* _EXERCISE DESCRIPTION_
Go through the listing and pick out each line with the word "Виктории" in it.

* _DATASET CONTENT_
╭──

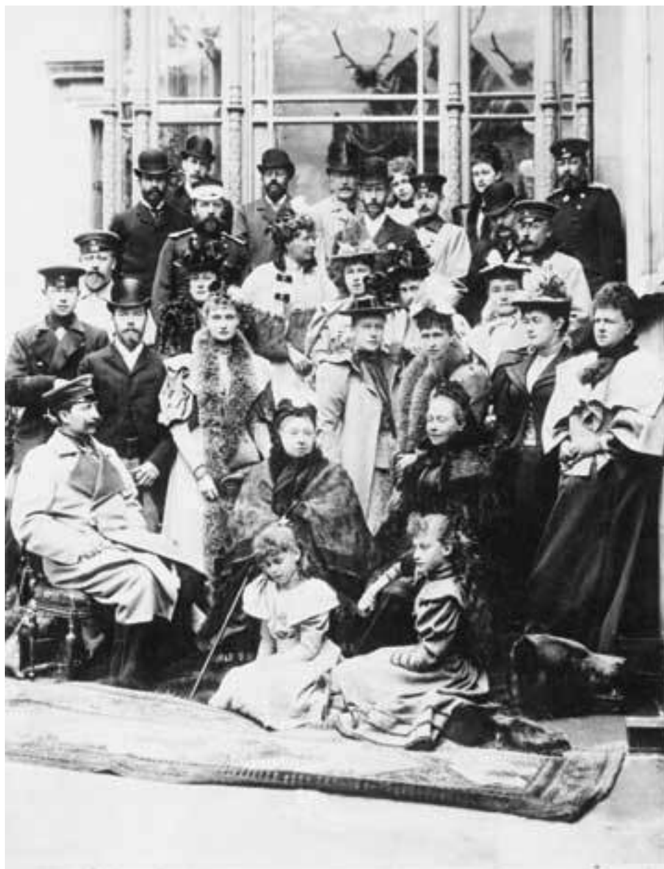
Королева Виктория, Эдуард VII, кайзер Вильгельм II и цесаревич Николай с невестой Алисой Гессенской и другие – в Кобурге 21 апреля 1894 года на свадьбе принцессы Виктории Мелита и Эрнста Гессенского

то, по слухам, выступавшего против этого брака, нашлось другое препятствие – принцесса отказывалась принимать православие, что было обязательным условием для сочетания с царским отпрыском. Но уговоры родни и ухаживания Николая Александровича не прошли даром; решился и вопрос согласия родителей и даже получено одобрение королевы Виктории, которая с симпатией отнеслась к Николаю, узнав его. В итоге, как вы знаете, и Алиса сдалась. И стала женой наследника российского престола.
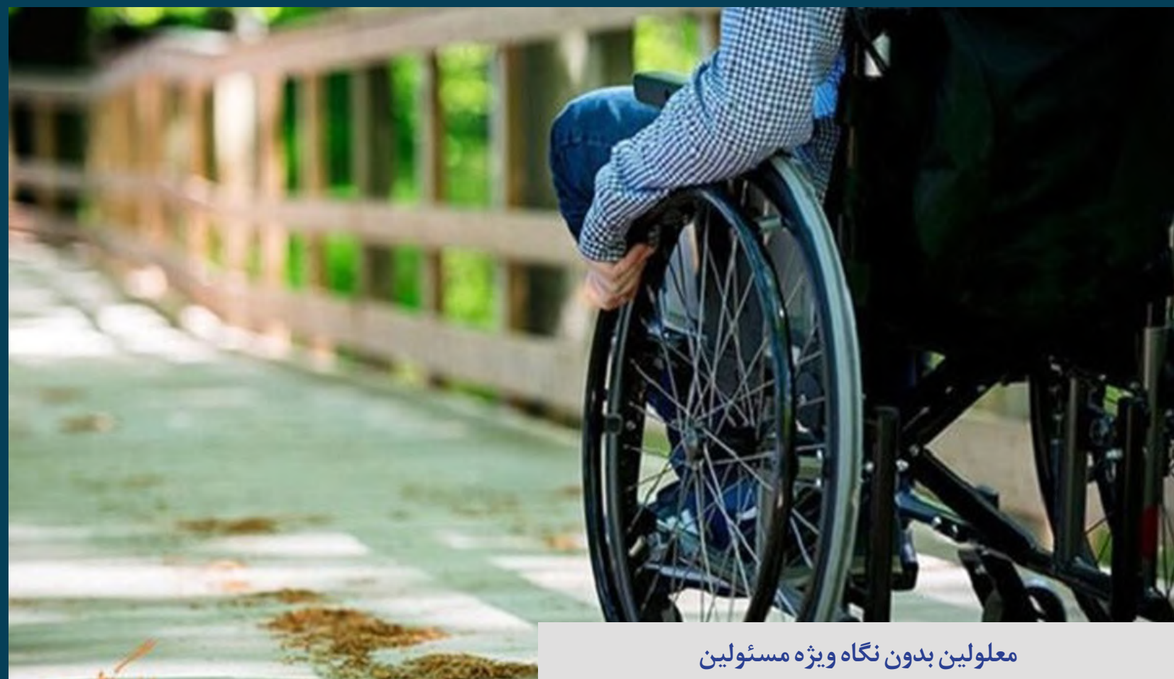
معلولین بدون نگاه ویژه مسئولین

╰──

* _SOLUTION_
Королева Виктория, Эдуард VII, кайзер Вильгельм II и цесаревич Николай с невестой Алисой Гессенской и другие – в Кобурге 21 апреля 1894 года на свадьбе принцессы Виктории Мелита и Эрнста Гессенского
то, по слухам, выступавшего против этого брака, нашлось другое препятствие – принцесса отказывалась принимать православие, что было обязательным условием для сочетания с царским отпрыском. Но уговоры родни и ухаживания Николая Александровича не прошли даром; решился и вопрос согласия родителей и даже получено одобрение королевы Виктории, которая с симпатией отнеслась к Николаю, узнав его. В итоге, как вы знаете, и Алиса сдалась. И стала женой наследника российского престола.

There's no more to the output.